I’ve been listening to the radio show On Being occasionally for years now. For a long time in Austin it was on really early, from 6am-7am Sunday mornings, I think. This coincided with runs I went on with my friend Dave every other week. So the radio would come on to wake me up, and I’d listen in bed until I could force myself to confront the darkness.
Krista Tippett, who hosts the show, is a gentle, probing, insightful and incisive interviewer with guests who are often similarly insightful and incisive leaders of religious and faith-related fields. I didn’t grow up with much religion – and have a lot to learn about many aspects of it – but her show is the first place I’ve heard serious, progressive, intellectual discussions about the power of faith and spirituality in our lives. It’s a compelling show and she’s a compelling host.

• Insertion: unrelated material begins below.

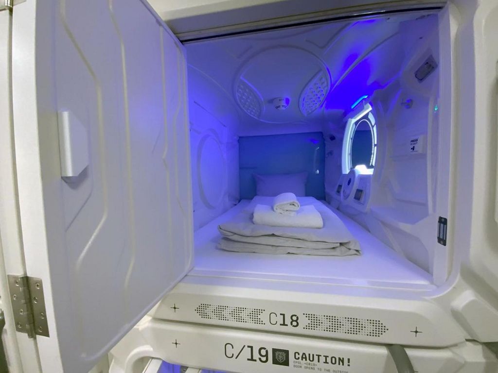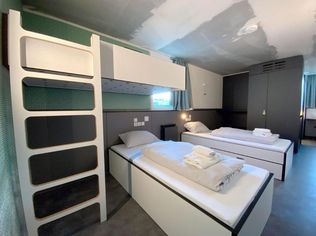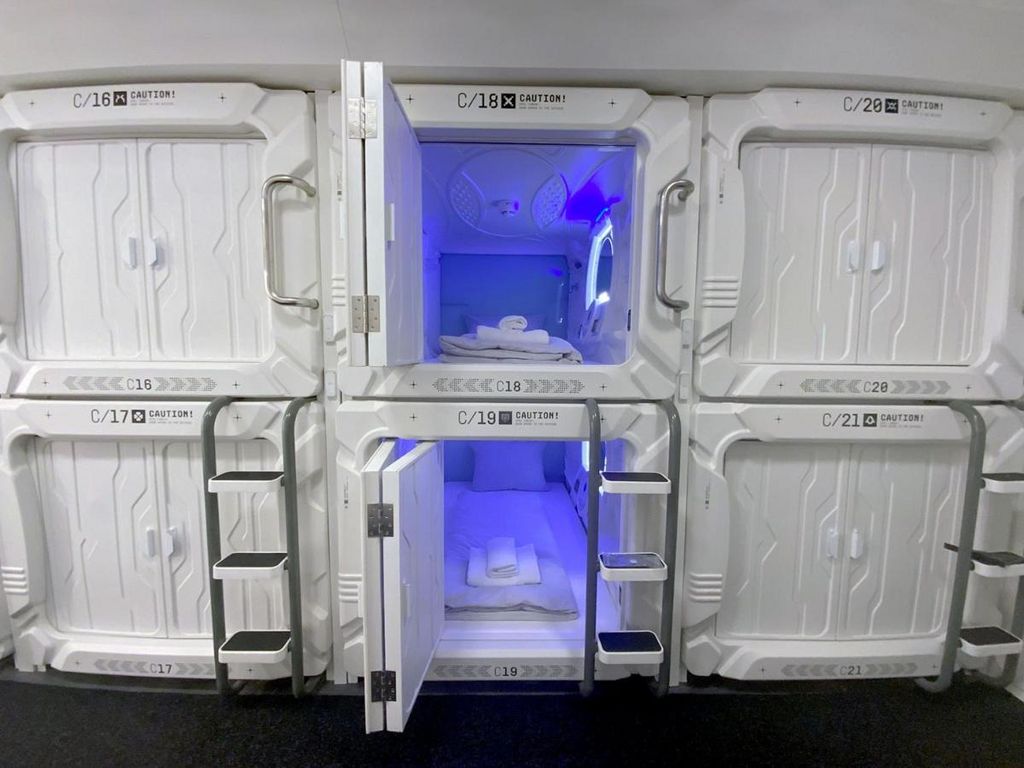 Die Hostelzimmer sind als Tiny-Zimmer konzipiert, um kostengünstige Übernachtungsmöglichkeiten zu bieten und richten sich hauptsächlich an Einzelpersonen. Es gibt vier barrierefreie Doppelzimmer und zwei barrierefreie Dreibettzimmer. Der Bereich mit den 30 Kapseln befindet sich im Untergeschoss, wo das Herz der Raumstation schlägt. Alle Schlafmöglichkeiten sind für Aufenthalte von einer Nacht bis zu drei Monaten buchbar, und Studierende profitieren von speziellen Konditionen.

That said, I also know that she’s been through some difficult times that have challenged her beliefs and expectations and what she thought she knew about life and relationships.
I found this essay she wrote and found familiar and admirable language in it.
This passage…
I had to begin a new adventure, and it feels like a great frontier: to walk through the world and be loving, to practice love across relationships and encounters—not just with those close to me, but also with strangers and with people who drive me a little crazy. I have a lot of experience with this already in my history of love, too. We all do. Even in the circles of people we know and love the best, there are those who drive us a slightly nuts and who forever remain a puzzle. But love, on a daily basis in our most intimate spaces, has everything to do with small gestures and gentle words at the right moment, whether I feel them perfectly or not.
…. reminds me a bit of how I think my mother tried to live. She never described anything like this at a high level, but her behavior mirrored the description, giving people the benefit of the doubt and trying to find goodness in challenging people and in those she disagreed with (with occasional exceptions). It’s something I aspire to as well, mostly instinctively (probably learned).
Anyway, the whole essay is worth reading. It’s helpful to read in a time of disillusion and difficulty and fragility.